Fishermen take risk of traditional fishing

Fishermen take risk of traditional fishing

The ban on fishing has paved way for the traditional fishing which is a risk to life.

The fishermen in the coast utilise the fishing vacation of two months to earn their livelihood as the income they earn during the ten months is not sufficient to run their families during the ban on deep sea fishing.

Traditional fisherman Iythappa Kotian of Pithrodi, who is into business for 35 years, told DH that traditional fishing which is called ‘Nadadoni Meenugarike’, is nothing but playing with life. It is scary to take risk in the rough sea and face cyclones. Sadly, the fishermen have to take risk. The fishermen, who invest nearly Rs 10,000 for trade, return empty-handed almost all days, he said.

The ban is observed every year in both East and West Coasts to allow breeding of fishes following concern over dwindling catch. Though the ban is applicable to all motorised boats,  some traditional fishermen do not follow it as their fibre boats and large-size wooden boats are engaged in fishing for livelihood.

He said that three boats are required. Among them, two small boats are used to carry fishes. One also needs 200 litres of kerosene and 200 litres of petrol and diesel.

The fishermen can expect prawns to get profit and all other fishes are not profitable, he added.
Nearly 200 country crafts and another 200 traditional mechanised fishing boats
are engaged in traditional fishing.

He said about 30 men, who work in the boats, should be paid Rs 200 per day, irrespective of profit and loss. A traditional boat fisherman has to invest nearly Rs 6,000 to 7,000 for paying them. The business is better when compared to the previous years. The fishermen have to earn nearly Rs 40,000 to 50,000 make profits.  The fishermen generally go to sea by availing loan for day-to-day business. However, the fishermen, who fail to earn the expected profits, will have to bear the burden of the loan.

Only for two months
The traditional fishing is limited only for two months and the fishing business will always be dull during heavy rain and the fishermen have to struggle for life. Incidents of boat mishaps have also been reported.

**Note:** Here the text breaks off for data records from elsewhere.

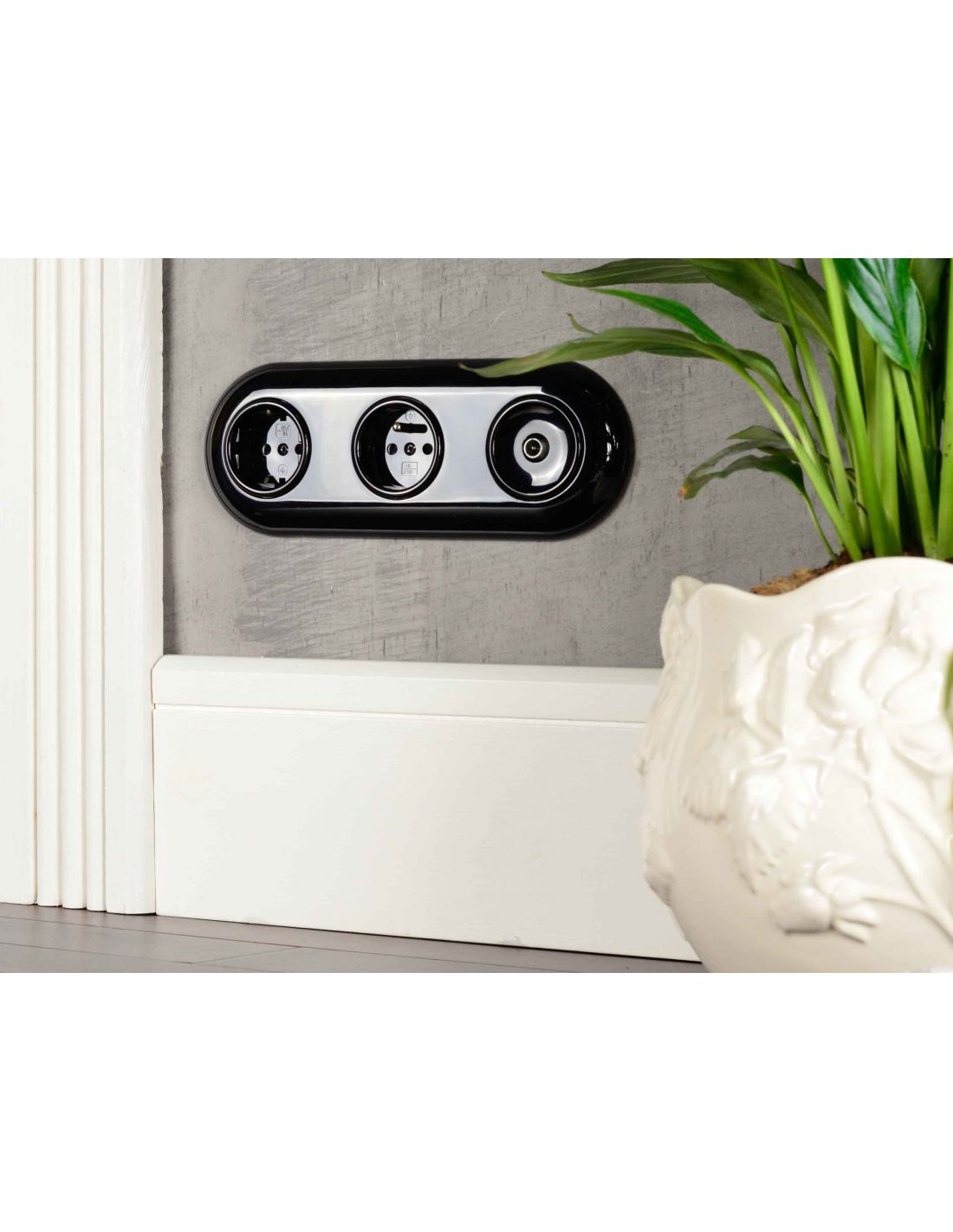 Marka JLM LUX RETRO, to producent ekskluzywnego porcelanowego jak i wykonanego z tworzywa osprzętu elektrycznego 230V, m.in. włączniki i gniazda w wersji natynkowej i podtynkowej, ramki, puszki, uchwyty przewodów, oprawy oświetleniowe, podsufitki, przepusty kablowe, żarówki, przewody w oplotach oraz kinkiety.
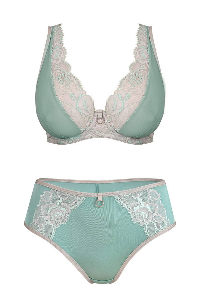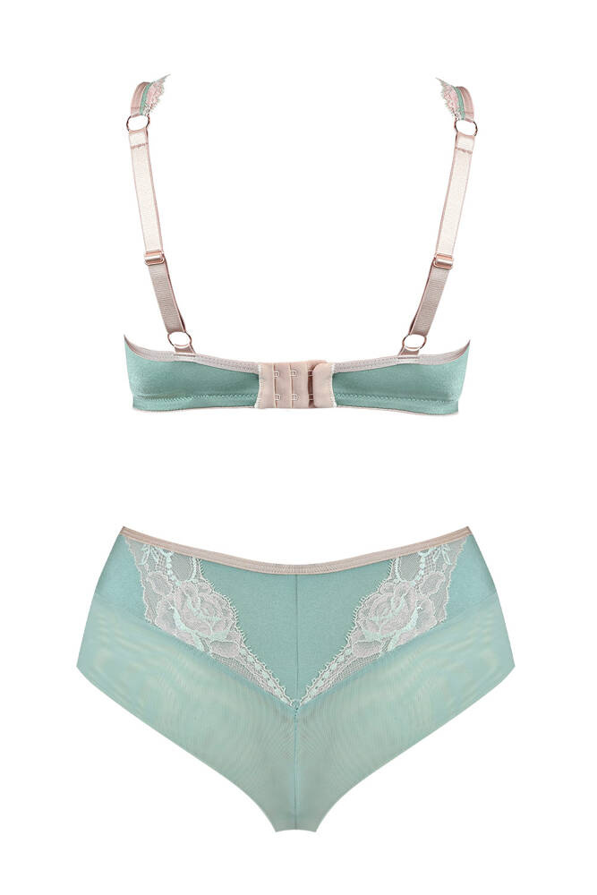 Бразилски слипове. Високо изрязан гръб от зелен микрофибър. Предница от бежова дантела с флорален мотив със зелен конец, страни от микрофибър. Има бежов кант на талията с бижутерска декорация във формата на кръг.
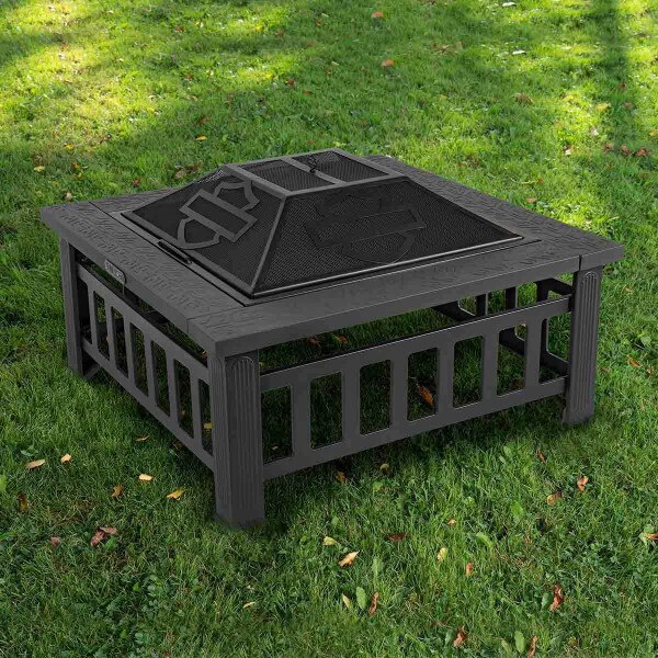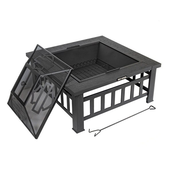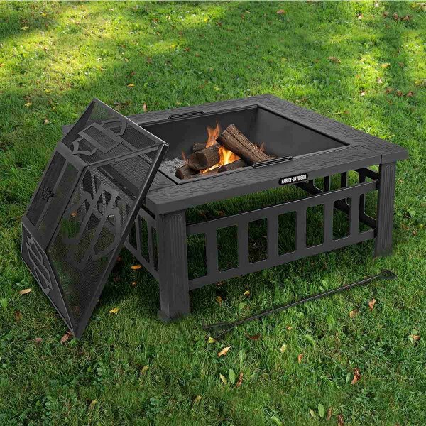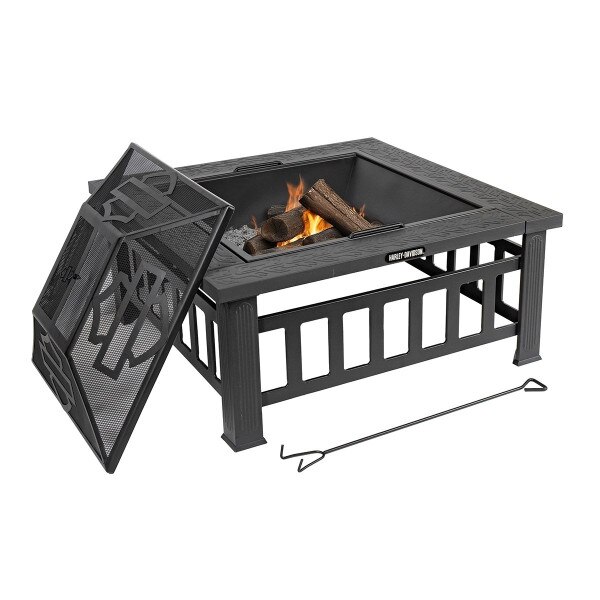 Custom-tooled fire pit features embossed H-D tire tread pattern and Open Bar & Shield cut outs on handle and screen. Harley-Davidson medallion on edge. Outdoor use only. Easy assembly required.
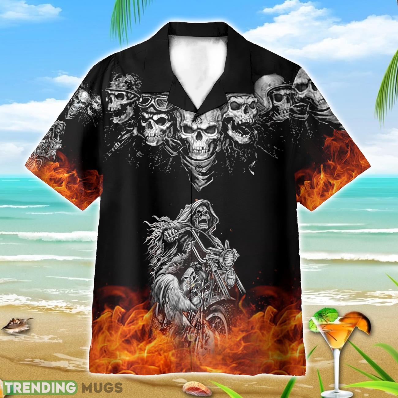 Flame Skull Riding Motobike AOP Hawaiian Shirt Beach Lover Gift Hawaii Shirt Details:
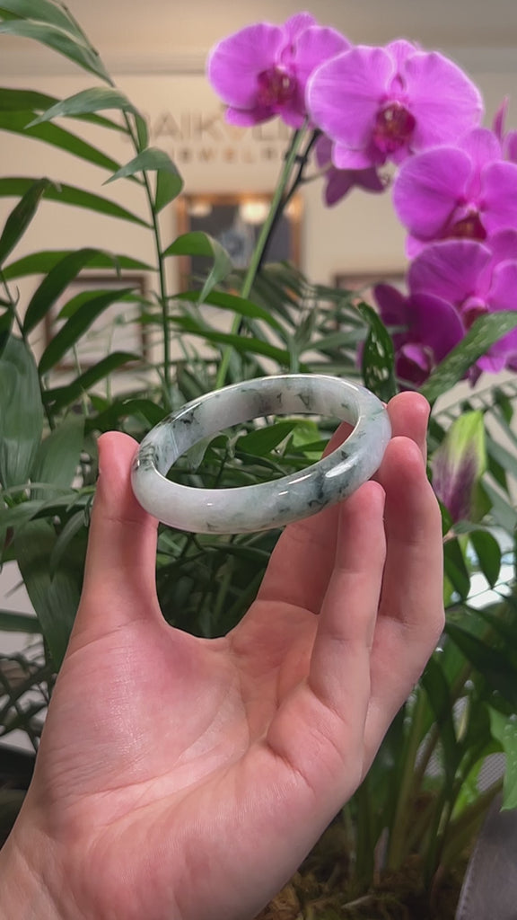 * DETAILS--- This bangle is crafted from genuine Burmese Jadeite jade that features a light green & white base color with gorgeous deep blue-green flowers throughout. The texture is smooth and translucent with minimal lines and cloudy spots. It's a half round, comfort-fit bangle, which is flat on the inside and comfortable for everyday wear. Known for its durability, jadeite is also believed to bring good luck. This bangle makes a thoughtful and meaningful gift for yourself or someone special.
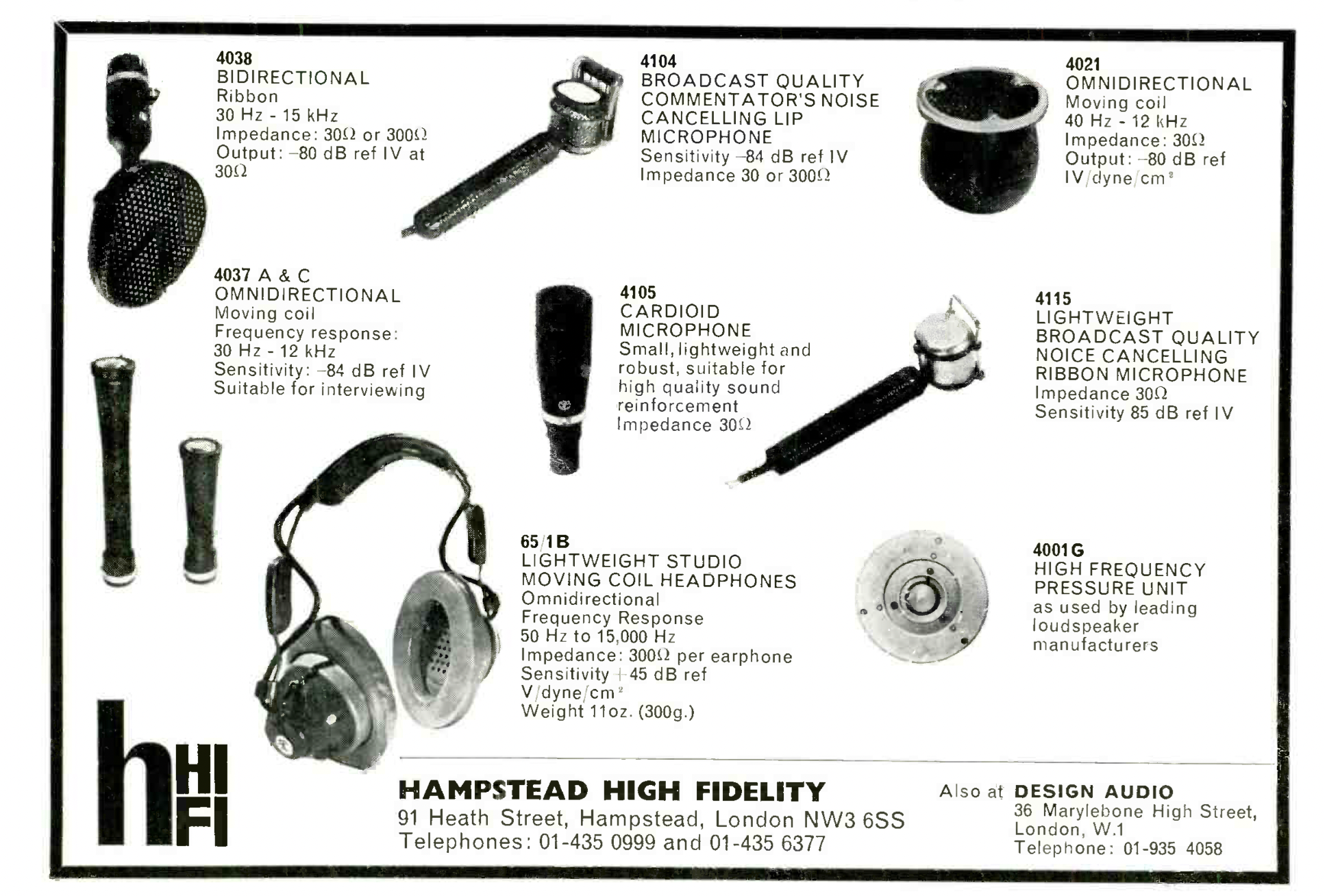 4021-J. Spherical omni-directional moving coil. Flat response 30- 15,000 c/s. Impedance 30 ohms. Sensitivity -80 dB. Price : £16 10s.
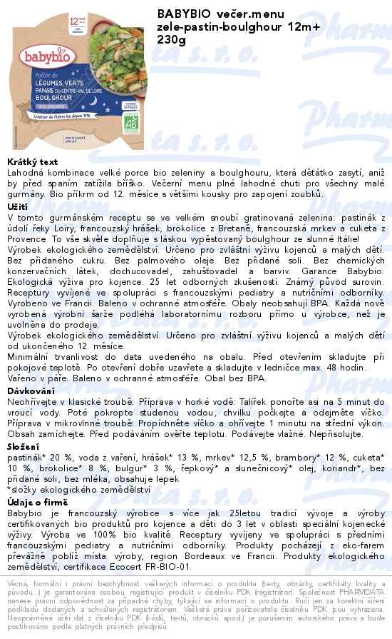BABYBIO večer.menu zele-pastin-boulghour 12m+ 230g
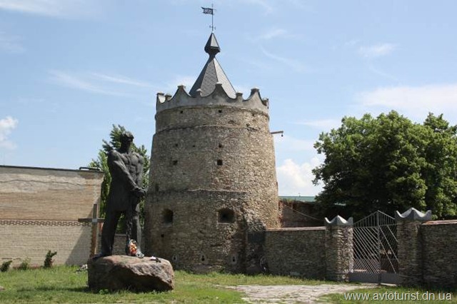 Здесь же стоит пятиметровый памятник *украинскому Робин Гуду*-Устиму Кармелюку. Летичев стал местом его последнего упокоения.
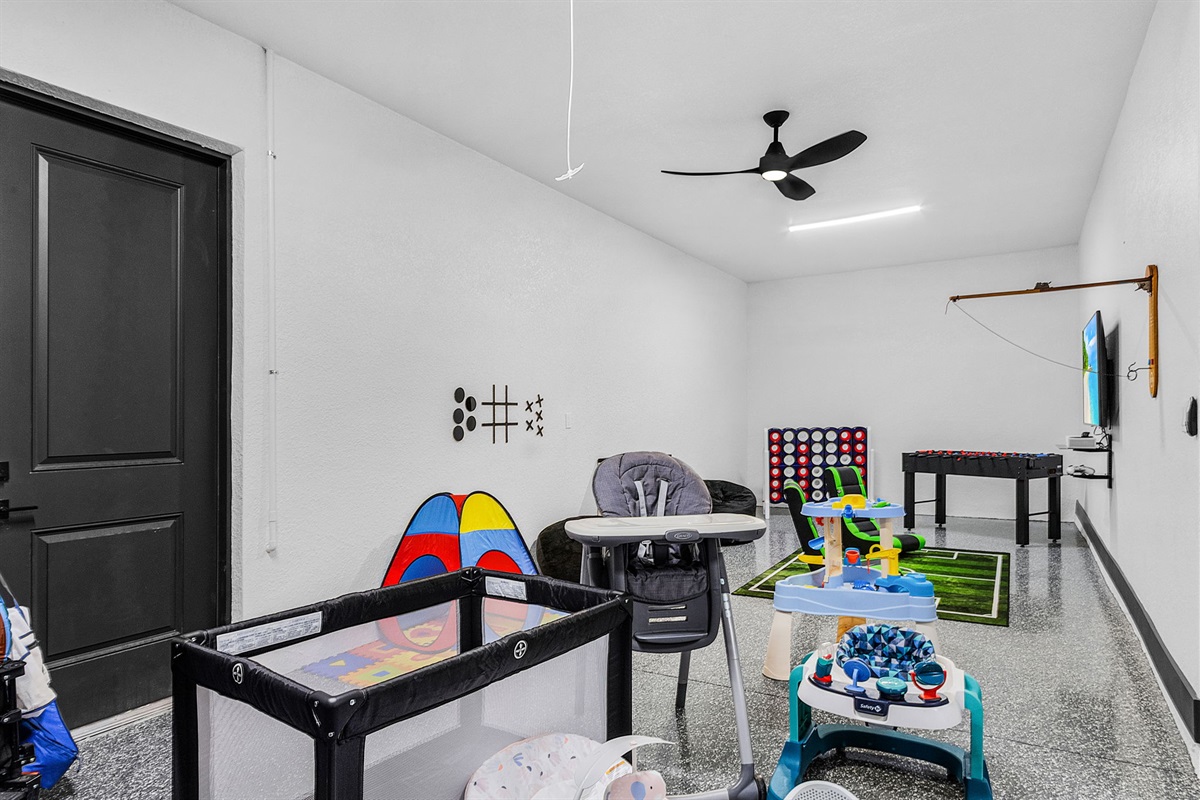 🎮 Game Room Fun: Our garage game room is packed with fun – Xbox, Foosball Table, giant Connect 4, board games, and more! 🕹️🏓
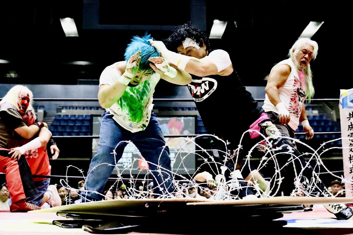 中盤、今井が矢口に捕まり、有刺鉄線ボードに投げられそうになるも、耐えて踏みとどまり、大谷、名島の加勢を得て、逆に有刺鉄線ボードに矢口を押込み形勢逆転。

Suresh Kharvi, another fisherman, said that he generally works in fishing boats during the fishing season and depends on traditional fishing during the 61-day ban on deep sea fishing.

“I rarely get sufficient money. Traditional fishing is an alternative profession instead of sitting idle at home during the ban period.  If 300-400 boats venture into sea, hardly 20-30 boats will get the profit. But fishermen take risk,” he added.